Soon, Ross suggested we all move out into a nearby waiting room. He told the rellies he thought the old man was not saying anything, nor was he trying to say anything, but was giving off involuntary movements of his mouth. He later told me that in the last years of his mother’s life, she was in and out of hospitals. Ross was completely used to all that equipment, and to the noxious smells. I let Ross do all the explaining as I hung back, a bit sheepish. Just to add a shred of credibility to my many duck dives, I bent down to pull up a sock that had bunched inside the boot. One of the old ladies came up to me and said she could recommend a good boot repairer.
Could the man have been trying to say something, but not in English? Could there have been a final plea in Greek or Farsi or Hungarian, perhaps? Ross doubted it. There was a difference between language and involuntary mouth movements, he said. The relatives were satisfied, and that was what counted.
Lipreading is a fiendishly difficult art. It’s not the act of an oral fixation that zeroes in on glistening mouths and writhing wet tongues that caress brown stumps or gleaming white teeth straight out of a toothpaste ad. This is the first Freudian stage of psychosexual development, and I think we may safely leave that to the oralists. Lipreading is inspired guesswork. It’s about reading faces and bodies far more than reading lips. It’s about reading what’s going on in the moment, reading nuance and the environment. It’s about predicting what the person is likely to say. A popular example goes:
Where’s the baby?
I threw it out. Look in the recycling bin.

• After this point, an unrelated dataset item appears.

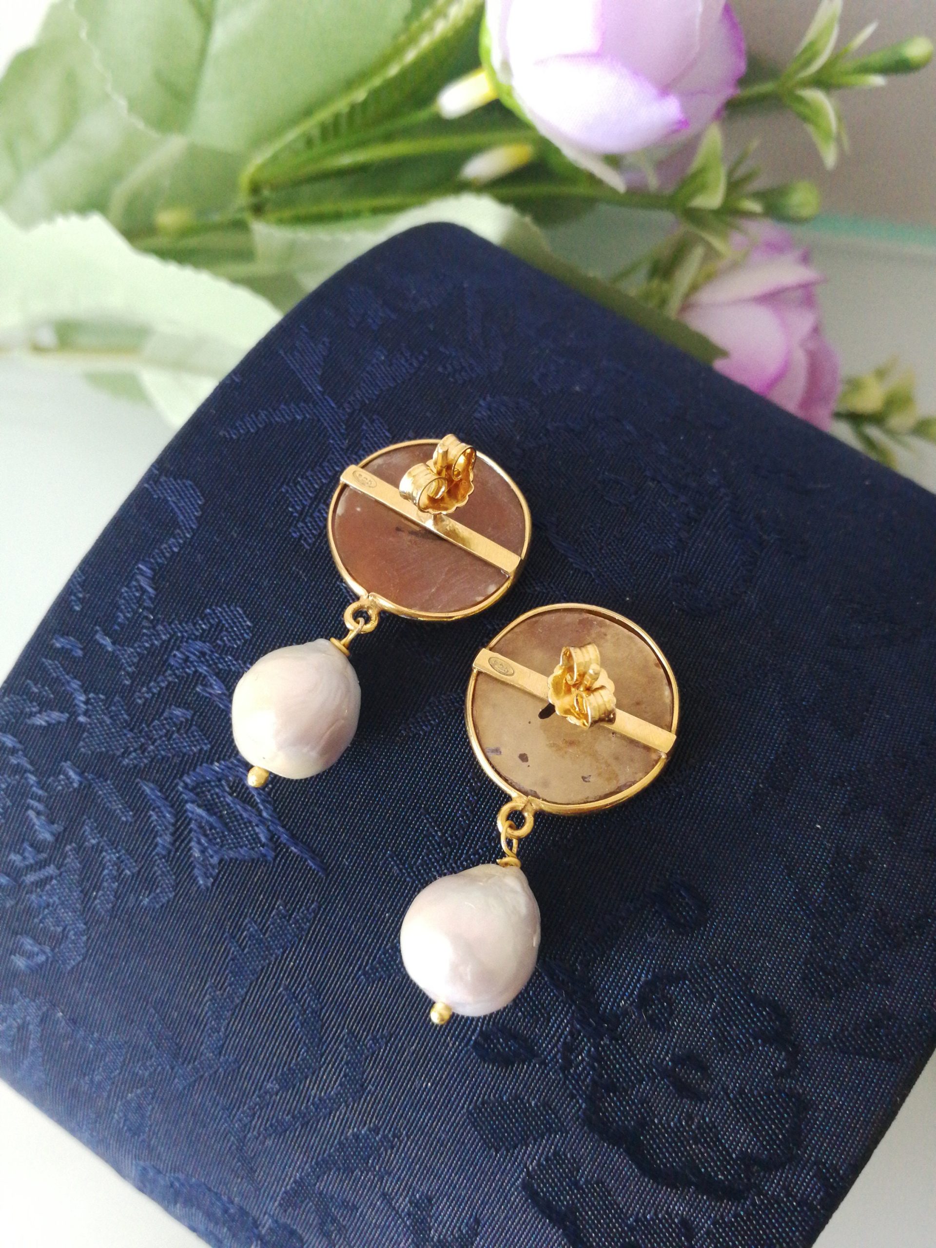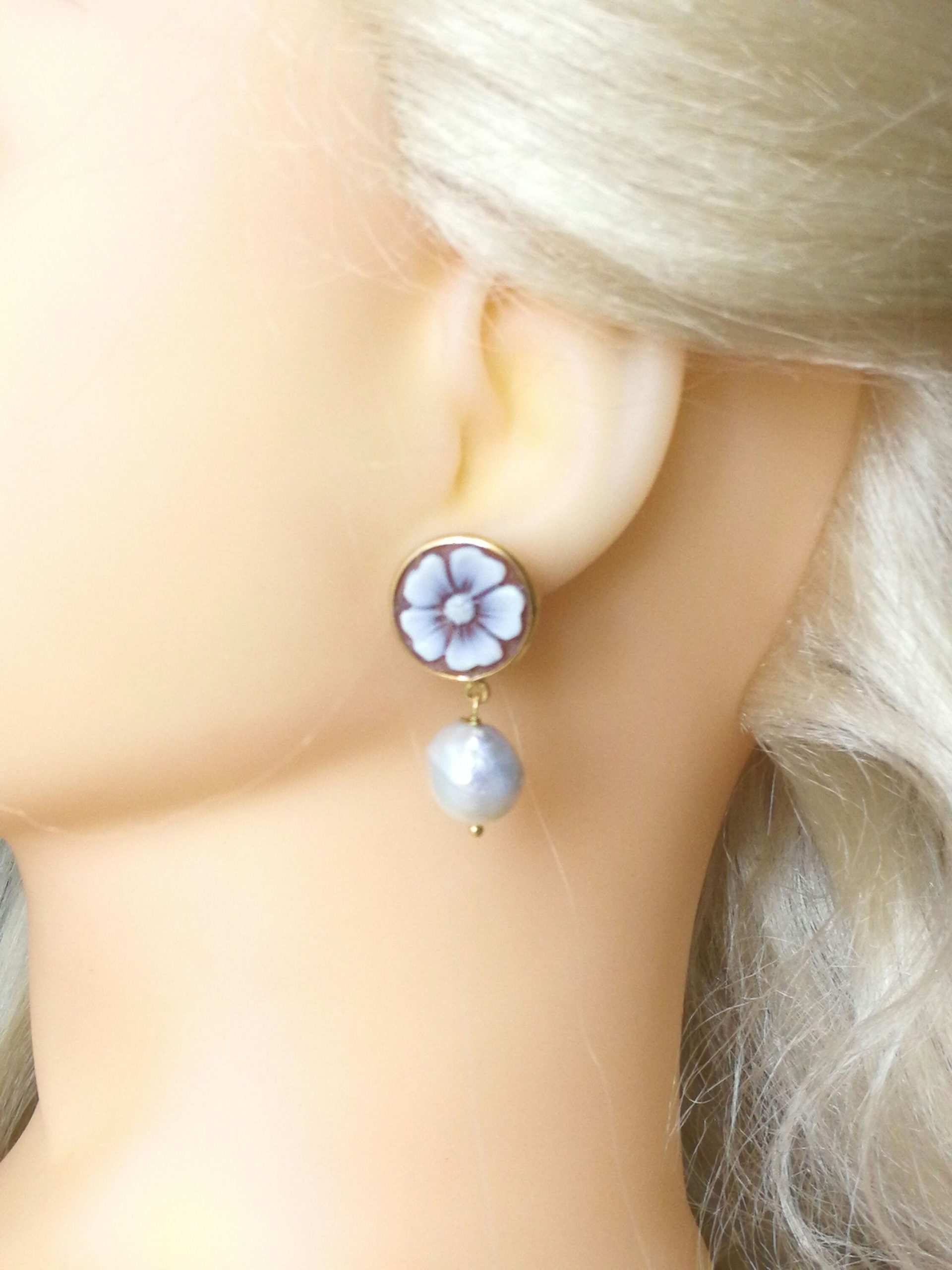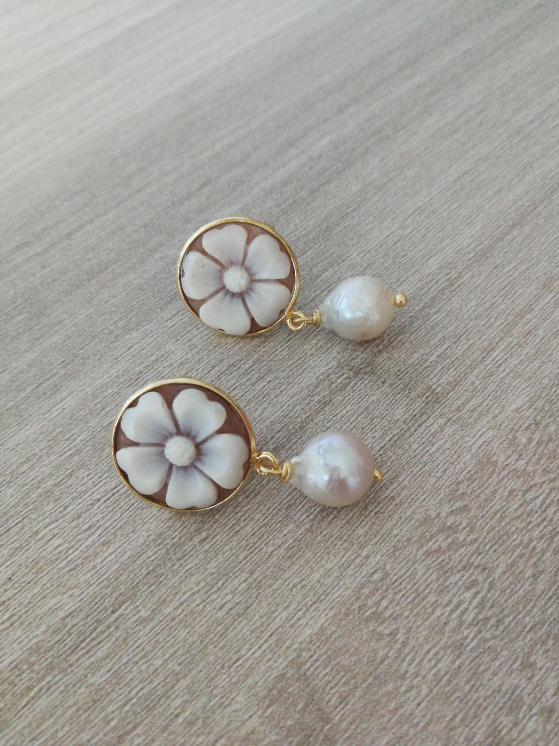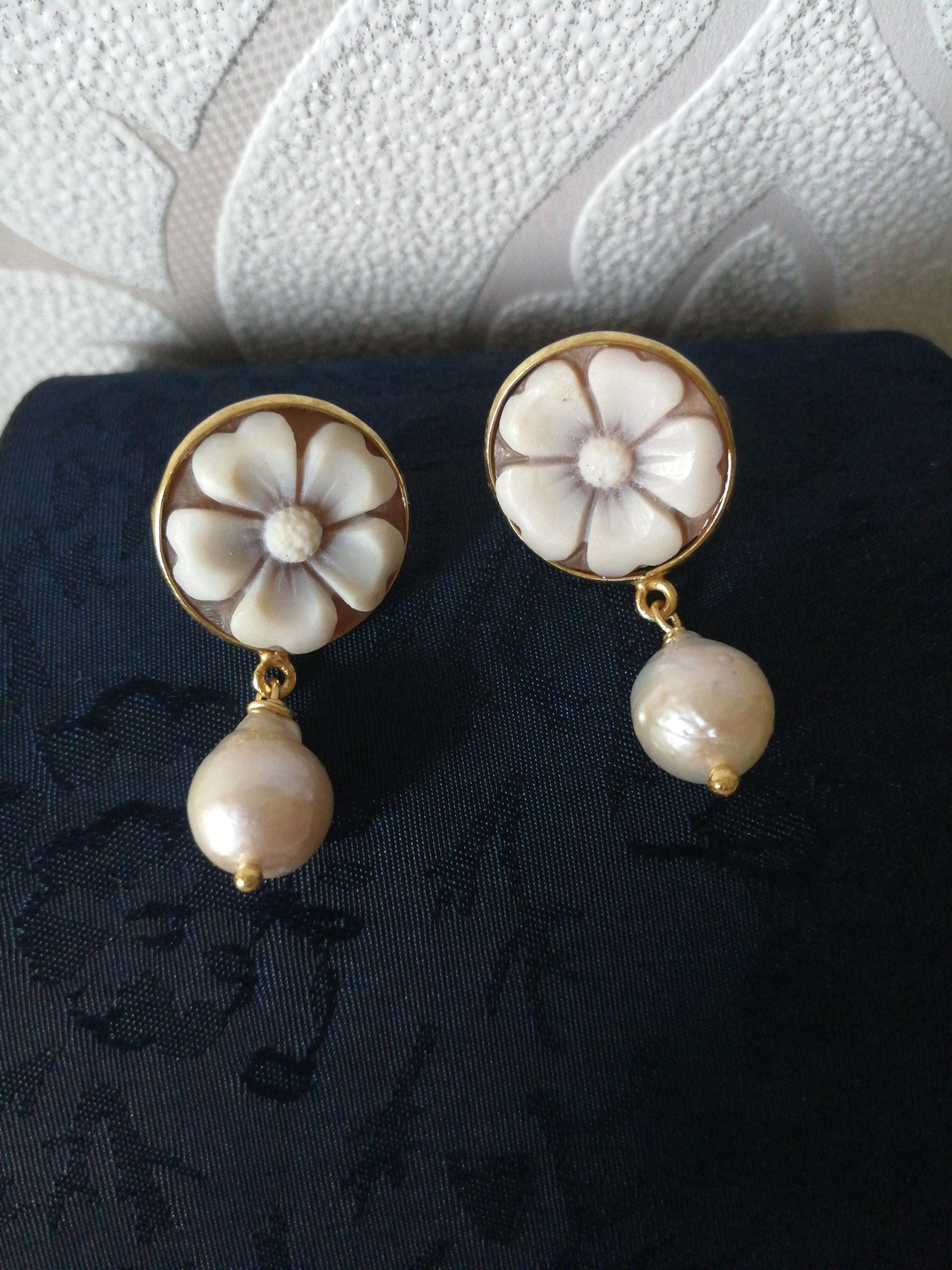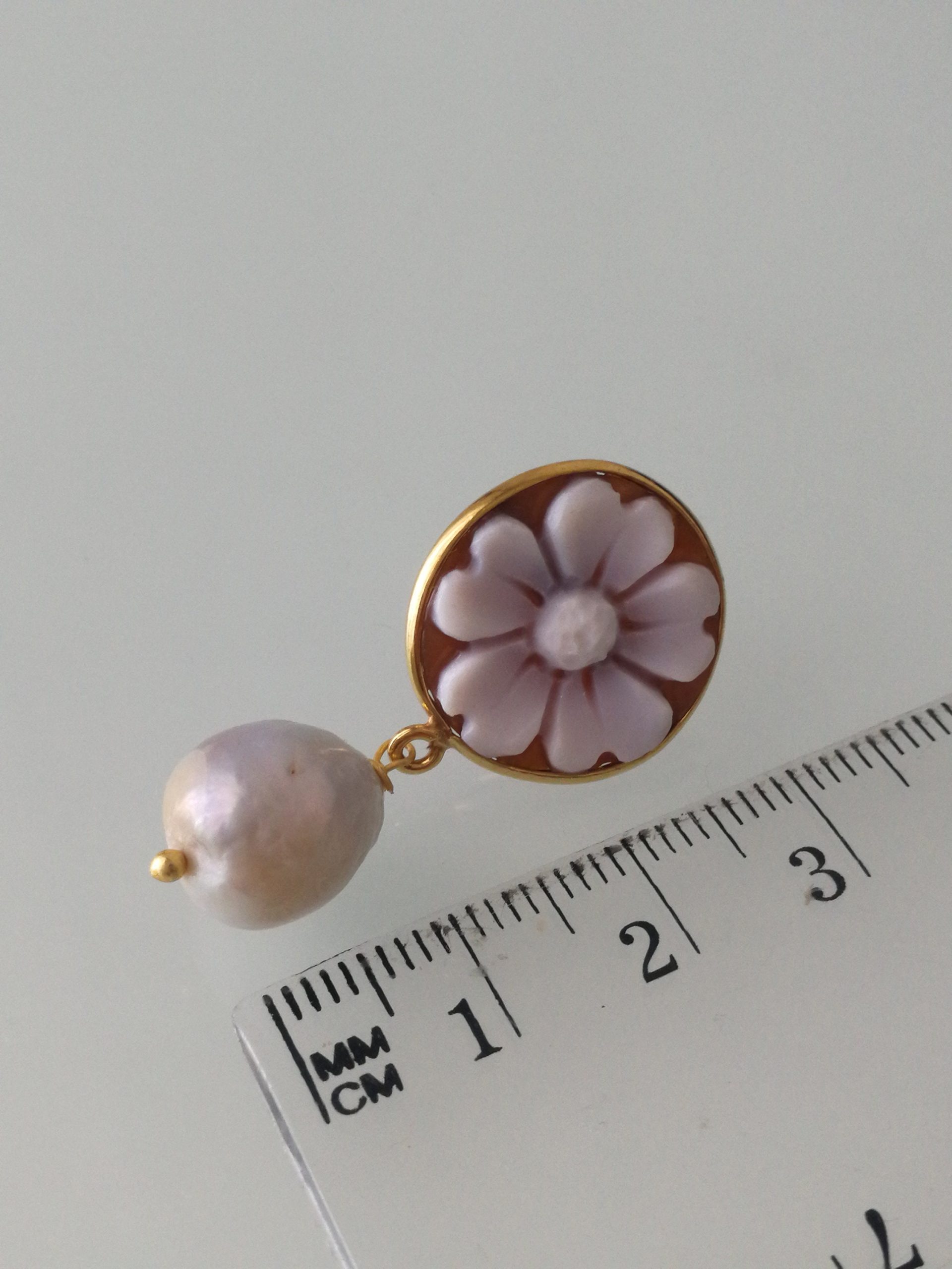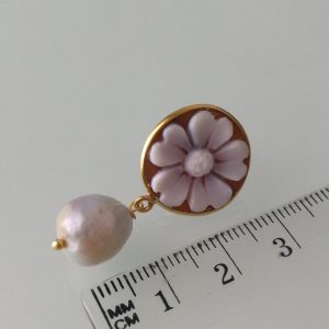 Orecchini a perno con cammeo conchiglia originale che raffigura fiore, cornice in argento placcata oro a lavorazione artigianale, perla naturale barocca bianca finale. Misura cammeo 15 mm. Misura lunghezza orecchini 3 cm.Cammeo perfetto.
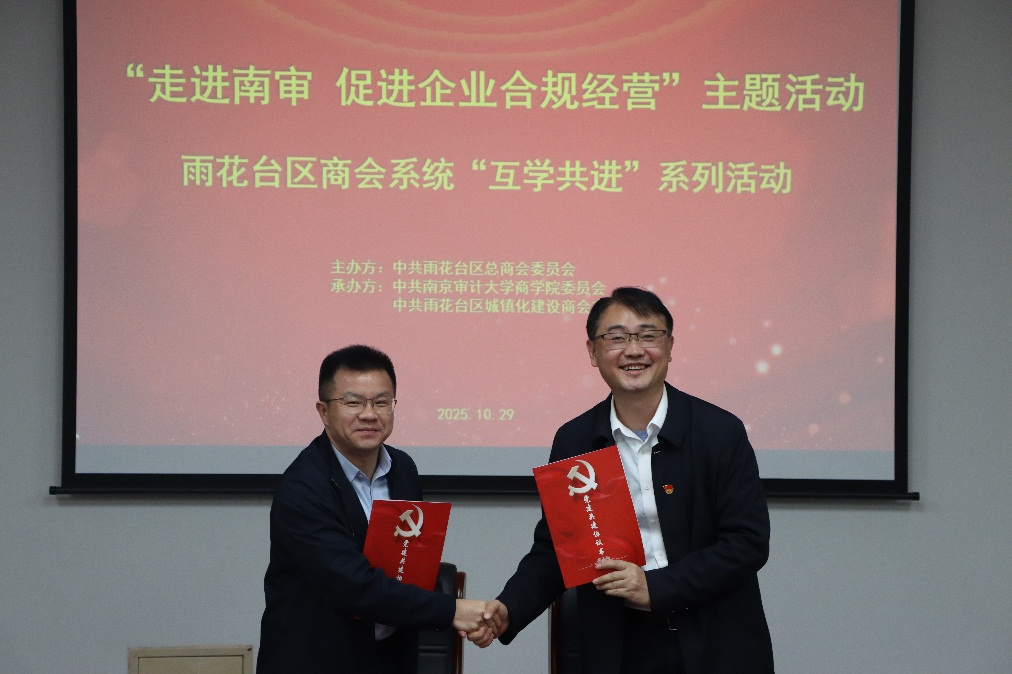 随后南京审计大学商学院党委与雨花台区总商会党委举行了党建结对共建签约仪式。根据协议,双方将共建“党建 + 产业链”联盟,推动学科团队与雨花台区企业深度对接,实现技术成果转化、人才实习实训与企业用人需求的精准匹配。

On the lips, PAPER and BABY are almost indistinguishable. But that’s only if you look at nothing but the lips. Looking at the environment will tell you if there was even a baby in the first place.
For that poor man, there wasn’t much in the environment. He can hardly have been aware of us. At least Ross gave his relatives some reassurance, and I gave them some involuntary light entertainment. In the end, maybe in his last moments, the doomed man might have liked a smoke, but if he couldn’t, then he might have enjoyed a discreet little snigger.